**SUPPLIED INFORMATION**
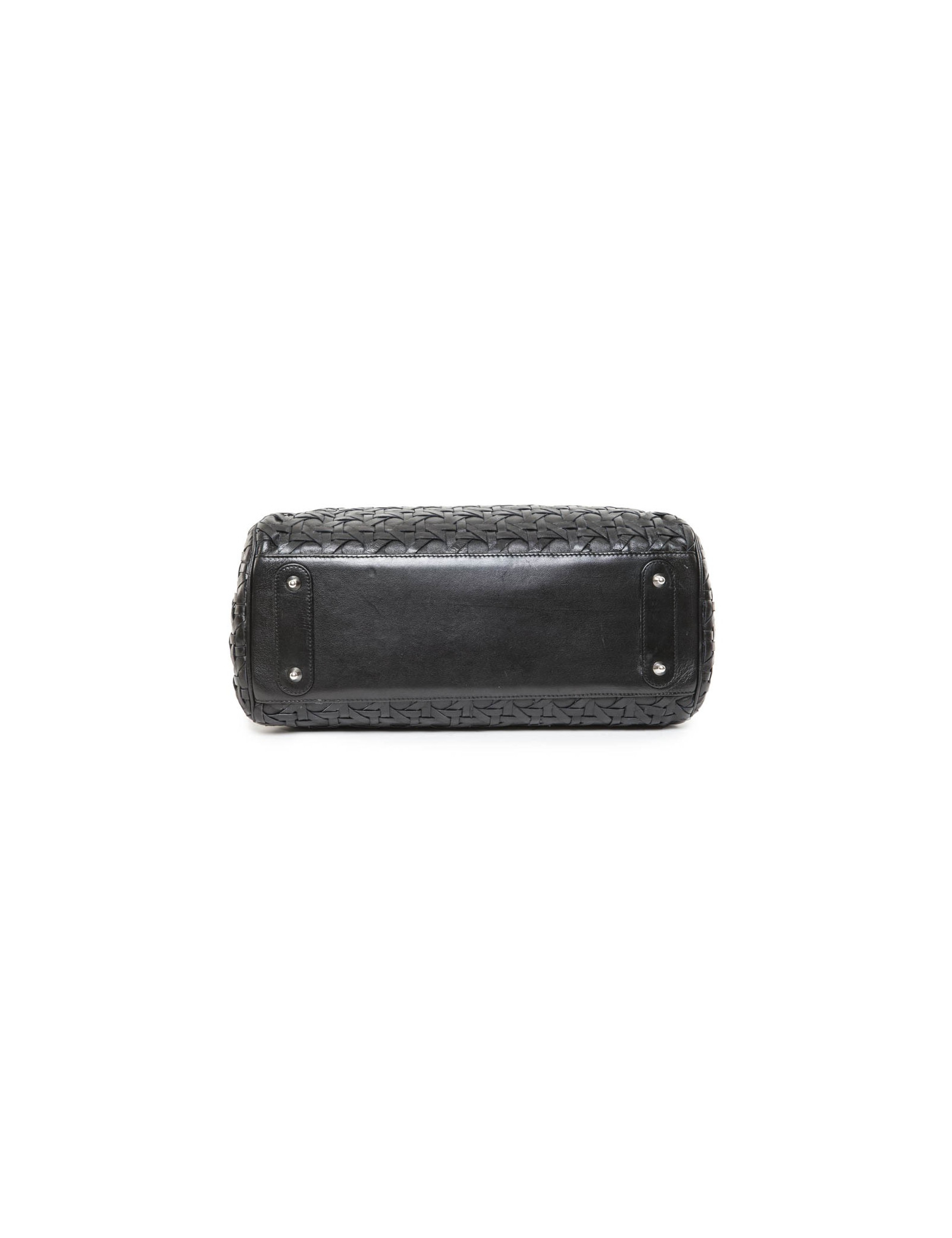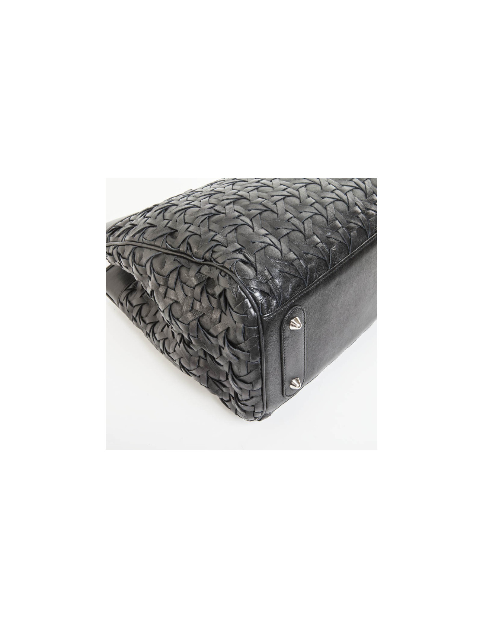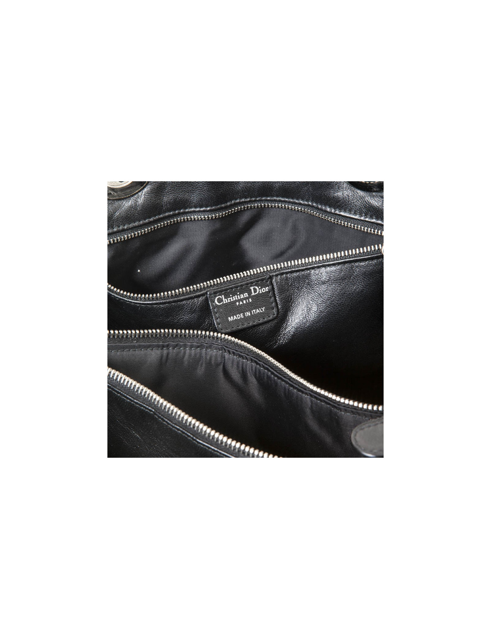 Bag shopping bag lady D, of Christian Dior black braided leather. Silver ring fittings. Inside two separated by a central pocket zippered storage spaces. The inner label serial number: O4-MA-0028.
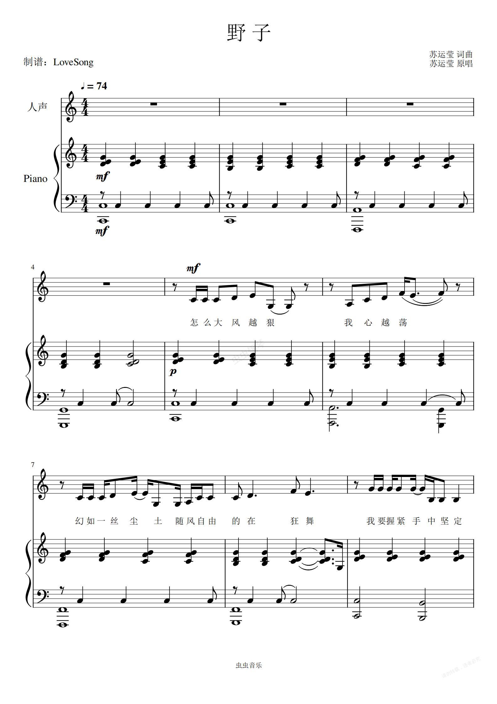 钢琴谱:野子 钢琴弹唱版 伴奏谱
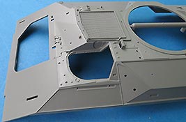 Die Oberwanne ist ebenfalls einteilig, wird aber durch Massen von Anbauteilen vervollständigt. Alle Luken sind offen und durch die einzelnen Luken offen oder geschlossen baubar. Dies gilt auch für die Heckwand mit der großen Heckluke. Da der Bausatz keine Inneneinrichtung beinhaltet, ist die offene Darstellung an dieser Stellen nicht sinnvoll - aber vielleicht gibt es Modellbauer die eine Inneneinrichtung scratch bauen oder eine einzeln verfügbare Inneneinrichtung einbaut.
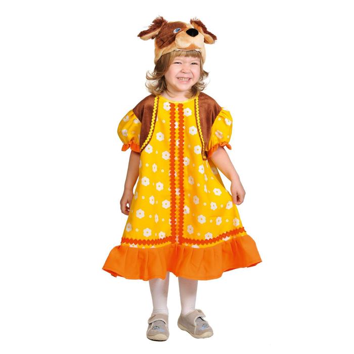 Карнавальный костюм "Собачка Жучка", сарафан с жилетом, маска, рост 98-128 см - Описание

**EXERCISE BRIEF**
Print the listing exactly, minus any pictures.

**SOLUTION FOR THIS EXERCISE**
 Bag shopping bag lady D, of Christian Dior black braided leather. Silver ring fittings. Inside two separated by a central pocket zippered storage spaces. The inner label serial number: O4-MA-0028.
 钢琴谱:野子 钢琴弹唱版 伴奏谱
 Die Oberwanne ist ebenfalls einteilig, wird aber durch Massen von Anbauteilen vervollständigt. Alle Luken sind offen und durch die einzelnen Luken offen oder geschlossen baubar. Dies gilt auch für die Heckwand mit der großen Heckluke. Da der Bausatz keine Inneneinrichtung beinhaltet, ist die offene Darstellung an dieser Stellen nicht sinnvoll - aber vielleicht gibt es Modellbauer die eine Inneneinrichtung scratch bauen oder eine einzeln verfügbare Inneneinrichtung einbaut.
 Карнавальный костюм "Собачка Жучка", сарафан с жилетом, маска, рост 98-128 см - Описание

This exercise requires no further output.